--- Provided data Enclosed Below ---
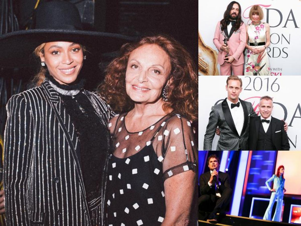Pictured: Beyonce and Diane von Furstenberg (left), Gucci's creative director Alessandro Michele and Anna Wintour (top right); Alexander Skarsgard and Thom Browne (center right); Michael C. Hall performing a tribute to David Bowie. (Photo: Courtesy of CFDA)
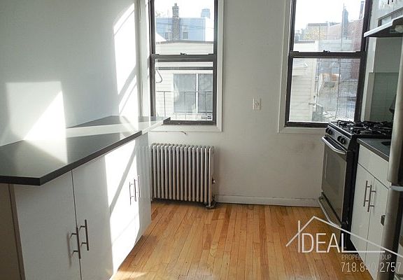 Lovely 1 BR residence with soaring ceilings, spacious eat-in kitchen, decorative fireplace. Bedroom with its own entrance from the building's hallway. The additional room is smaller (could serve as a pass-through bedroom, office space, walk-in closet). Four large windows bring in lots of natural light, hardwood floors throughout. The building also has a small shared courtyard for tenant's use. Just 3 blocks from the Lorimer Street L train and G train. Call today, This apartment won't last!NO FEE
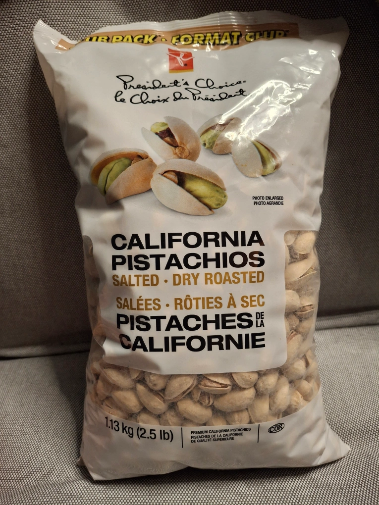 671Dry roasted and salted pistachios. 1.13kg/2.5lbs. best before Sept 2023 but is sealed and unopened
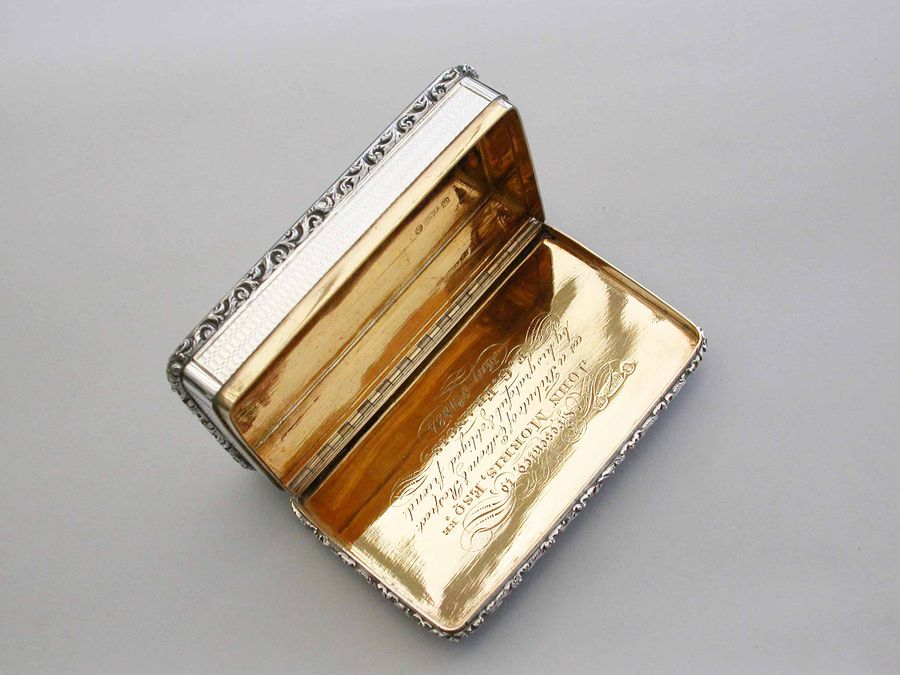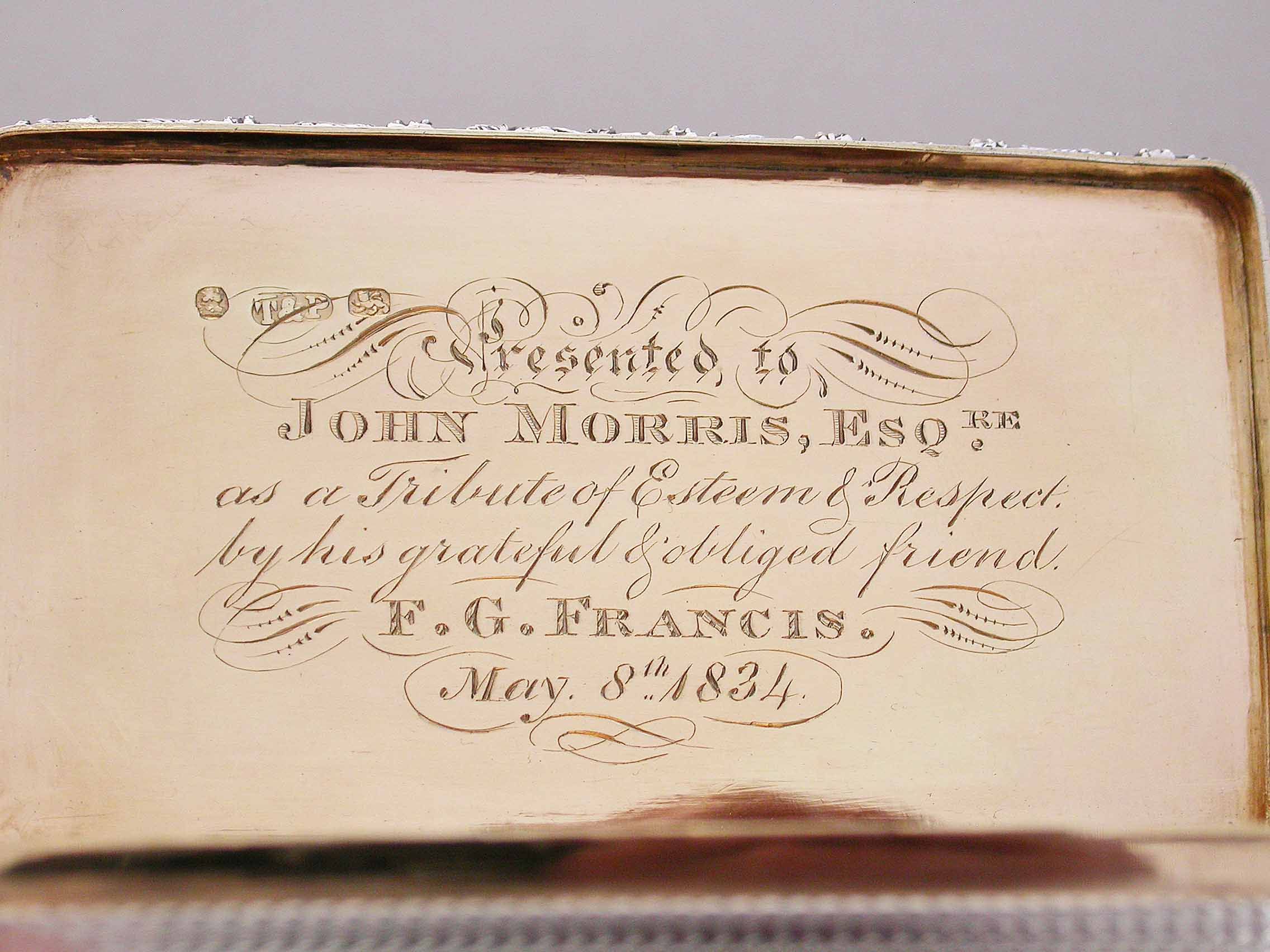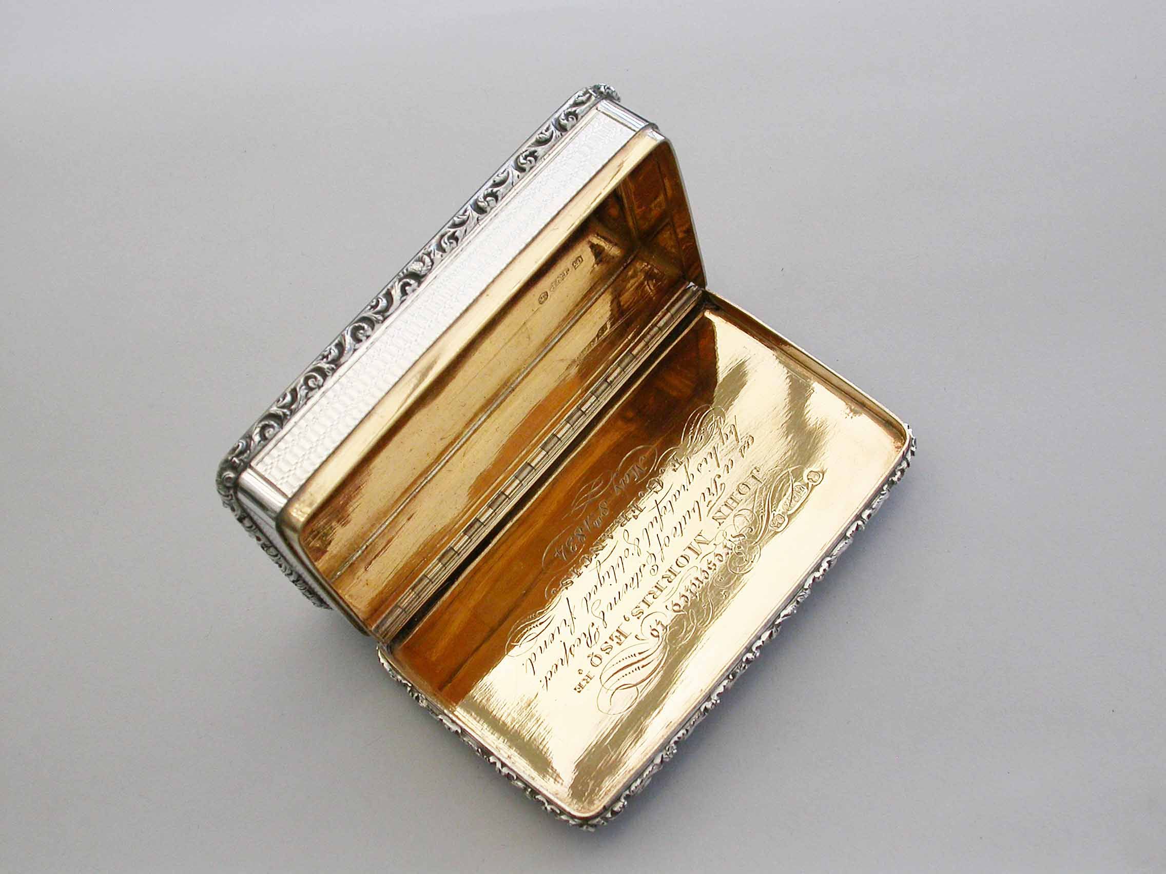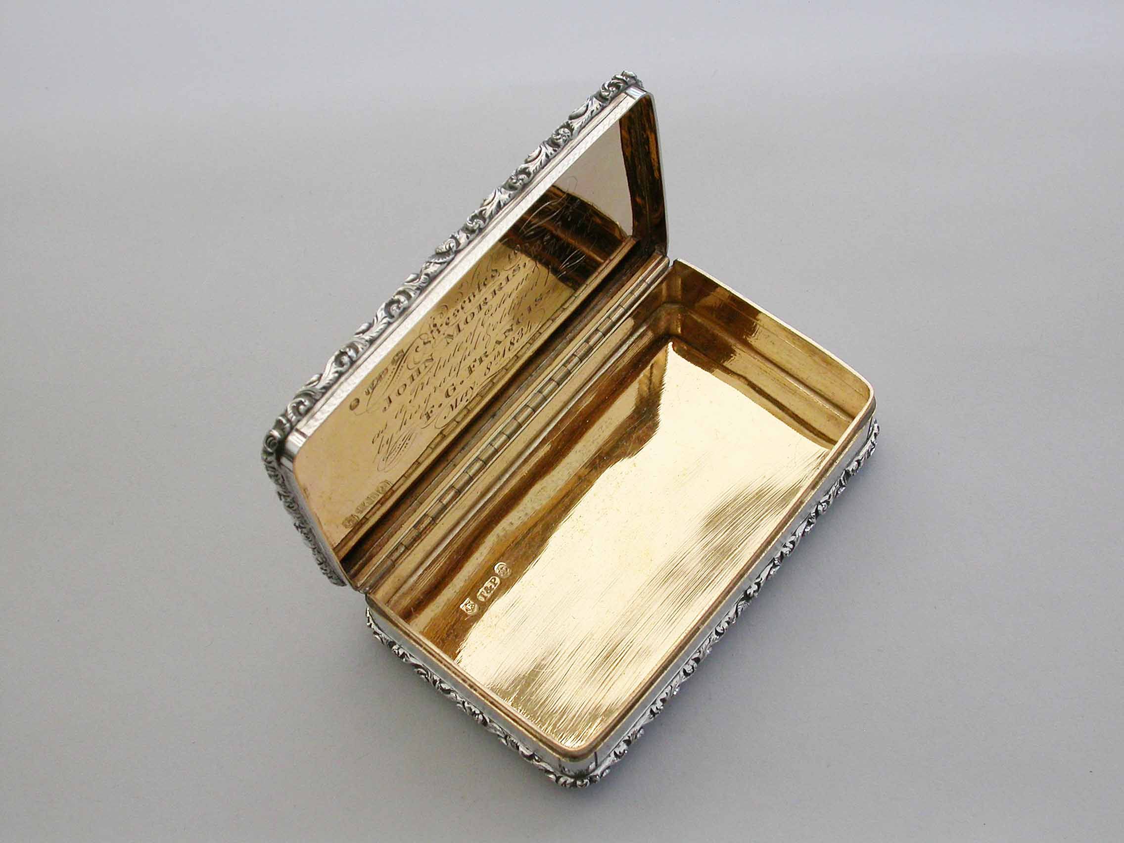A very fine quality William IV Presentation Silver Snuff Box, with engine turned base and sides and raised foliate scroll chased borders, the lid with a high relief harbour scene, probably a capriccio of a Mediterranean port with a church and castle to one side and a lighthouse to the other, a fully rigged British Frigate and a fishing boat at sea, and two sailors on the shore with packages and an anchor. Silver gilt interior with contemporary presentation inscription. In silk and velvet lined leather case.
--- End of Enclosed Provided data ---
■ Exercise details:
The listing above is to be retyped word for word, with the pictures omitted.

■ Result for this task:
Pictured: Beyonce and Diane von Furstenberg (left), Gucci's creative director Alessandro Michele and Anna Wintour (top right); Alexander Skarsgard and Thom Browne (center right); Michael C. Hall performing a tribute to David Bowie. (Photo: Courtesy of CFDA)
 Lovely 1 BR residence with soaring ceilings, spacious eat-in kitchen, decorative fireplace. Bedroom with its own entrance from the building's hallway. The additional room is smaller (could serve as a pass-through bedroom, office space, walk-in closet). Four large windows bring in lots of natural light, hardwood floors throughout. The building also has a small shared courtyard for tenant's use. Just 3 blocks from the Lorimer Street L train and G train. Call today, This apartment won't last!NO FEE
 671Dry roasted and salted pistachios. 1.13kg/2.5lbs. best before Sept 2023 but is sealed and unopened
A very fine quality William IV Presentation Silver Snuff Box, with engine turned base and sides and raised foliate scroll chased borders, the lid with a high relief harbour scene, probably a capriccio of a Mediterranean port with a church and castle to one side and a lighthouse to the other, a fully rigged British Frigate and a fishing boat at sea, and two sailors on the shore with packages and an anchor. Silver gilt interior with contemporary presentation inscription. In silk and velvet lined leather case.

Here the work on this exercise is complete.